鑑賞動機はバリー•コーガンが出演しているからです。『ダンケルク』や『イニシェリン島の精霊』で見せた彼の怪演ぶりからすると、彼が出ているだけで名作ではないかという錯覚を起こしそうです。彼は本作では主人公の少女の父親を演じます。

私個人はあまり好きではない言葉ですが、現代日本には「親ガチャ」なる言葉があります。子からみた親の当たりはずれということでしたら、この物語の主人公ベイリー(ニキヤ•アダムス)は親ガチャ大ハズレと言ってもよいと思います。父親と2歳ほど上の兄と同居しているようなのですが、兄は異母兄のようですし、バリー•コーガン演じる父親のバグはあまり働いてる様子もないのに新たな女性と結婚しようとしています。別に住んでいるベイリーの実母側に目を移せば、バグと別れた後もそれなりに男出入りがあったようで子どもが何人かいます。すなわち、ベイリーにとっての異父妹や異父弟ですね。まあ、ひょっとしたら、みんな父親が違うのではないかといった雰囲気も漂っているのですが、問題は現在の夫でこれがどうしようもないDV男で、ベイリーの幼い異父妹弟たちはとても可哀そうな境遇にいます。

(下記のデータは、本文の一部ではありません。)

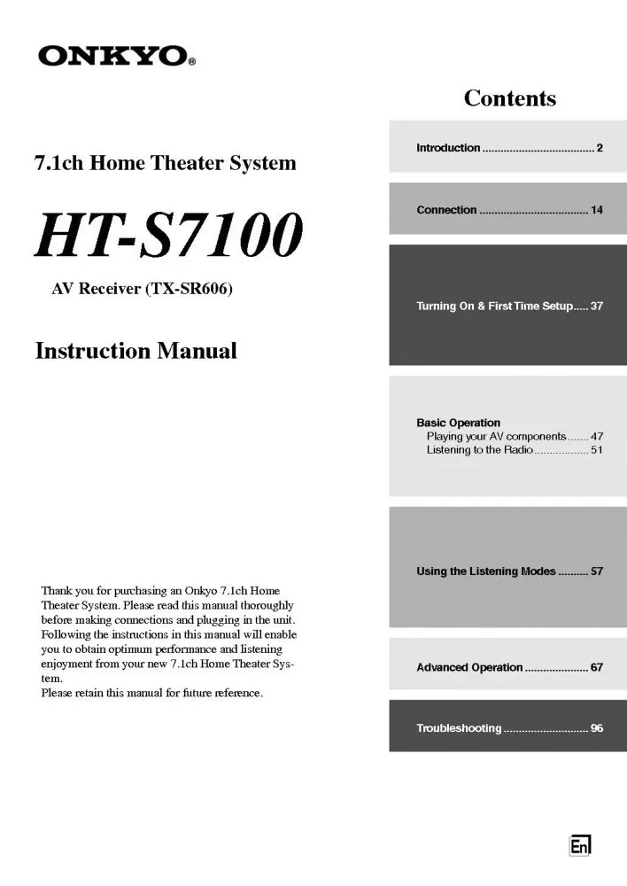Onkyo Integra HT-S7100 Receiver Owners Instruction Manual

そんななかベイリーは自らバードと名乗る不思議な青年と出会います。このバードを演じるフランツ•ロゴフスキもバリー•コーガンに負けず劣らずの怪優の雰囲気をたたえておりまして、図らずも、欧州二大怪優競演の趣きもあります(ただし、ふたりの絡みはありません)。で、このバードは生き別れた親を探しているとのことで、ベイリーも捜索に協力したりもします。

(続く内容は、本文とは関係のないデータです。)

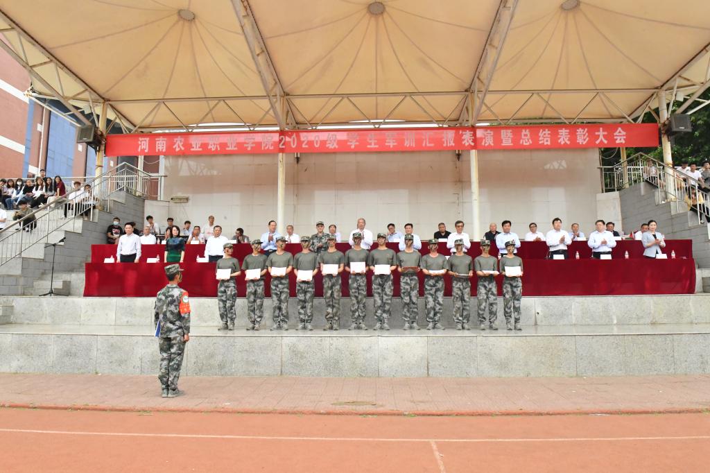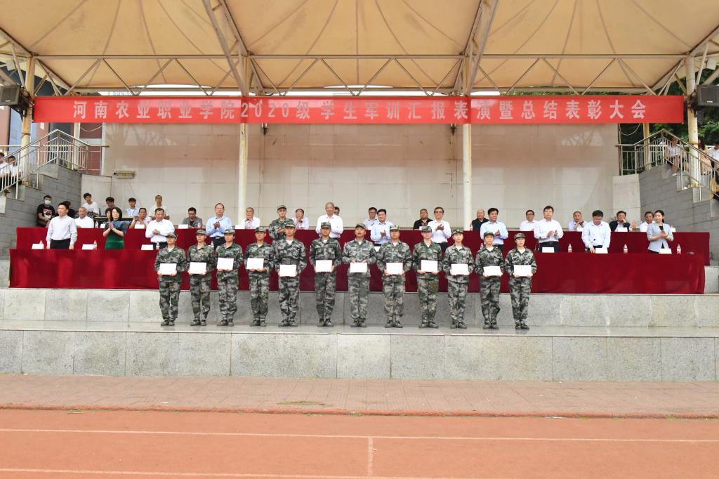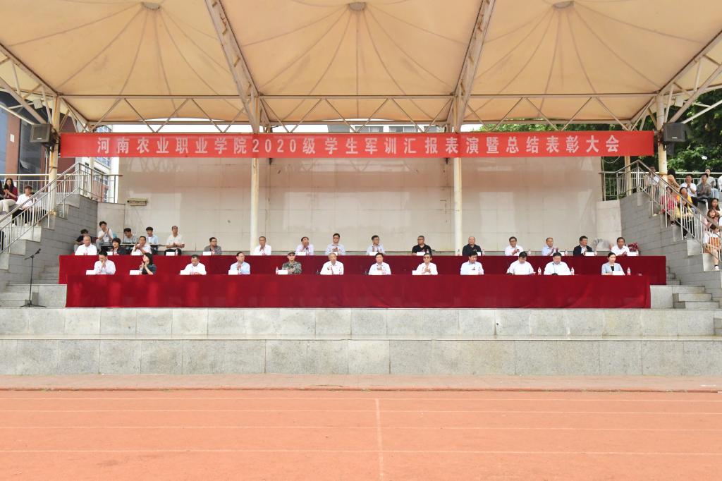 5月14日,河南农业职业学院2020级新生军训汇报表演暨总结表彰大会在体育场举行。学校领导班子全体成员,中牟县武装部领导,各二级学院院长及相关管理部门负责人出席大会。

一方、ベイリーの異母兄はガールフレンドを妊娠させたみたいで彼女とスコットランドへの逃避行を企てているようです。このお兄さん、まだ14歳で妊娠させちゃったみたいなのですが、父親のバグは俺も14歳でお前の父親になったよみたいのこと言ってて、この男、30そこそこで孫を持つのか、と呆れるやら、びっくりするやら。でも、バグはまあクズと言えばクズなんでしょうけど、息子や娘に対する愛はホンモノで、根は善良でいい奴だとは思います。

この作品には、時折り、鳥の群れが空を飛んでるシーンが挿入されます。また、カラスが伝書鳩ならぬ伝書ガラスになって手紙を運ぶシーンもあります(まあでもカラスが運んだ距離は伝書鳩が運ぶ距離をフルマラソンとすると100m競走の範囲でしたけど)。そして、バードが演じるファンタジー•シーン……

ベイリーはとてもいい子です。幼い妹や弟の面倒は見ますし、兄にも協力的です。見ず知らずだったバードにも協力します。周囲の人たちともおおむねうまくやっていけそうです。でも、親ガチャだけでなく、階級社会の英国で階級ガチャや地域ガチャにも大ハズレしている感じで、日本流で言えば小6か中1あたりの年齢なんでしょうけど、学校に行ってるシーンがまるで出てきません。

タイトルに挙げた中学英語の仮定法の例文ですが、”If I were a bird, (もし、私が鳥なら)の条件節に対して I would fly to you.” (あなたのところに飛んで行くのに)という流れで、ちょっとロマンチックで切ない感じだったように記憶しています。そして、文法事項として、仮定法過去は現在において実現が不可能なことの裏返しであると習った憶えがあります。ベイリーは今、非常に厳しい環境下にいて実現が不可能なことの連続のようですが、どうか自分の周囲にある愛を大切にして、夢だけは持ち続けてほしいと思いました。

アンドレア•アーノルド監督は私にとってこの映画が初見だったのですが、英国の最貧層のリアリティを描きながら、そこにファンタジーを入れ込んでくるサジ加減が絶妙で感服いたしました。別の作品も観てみたいと思います。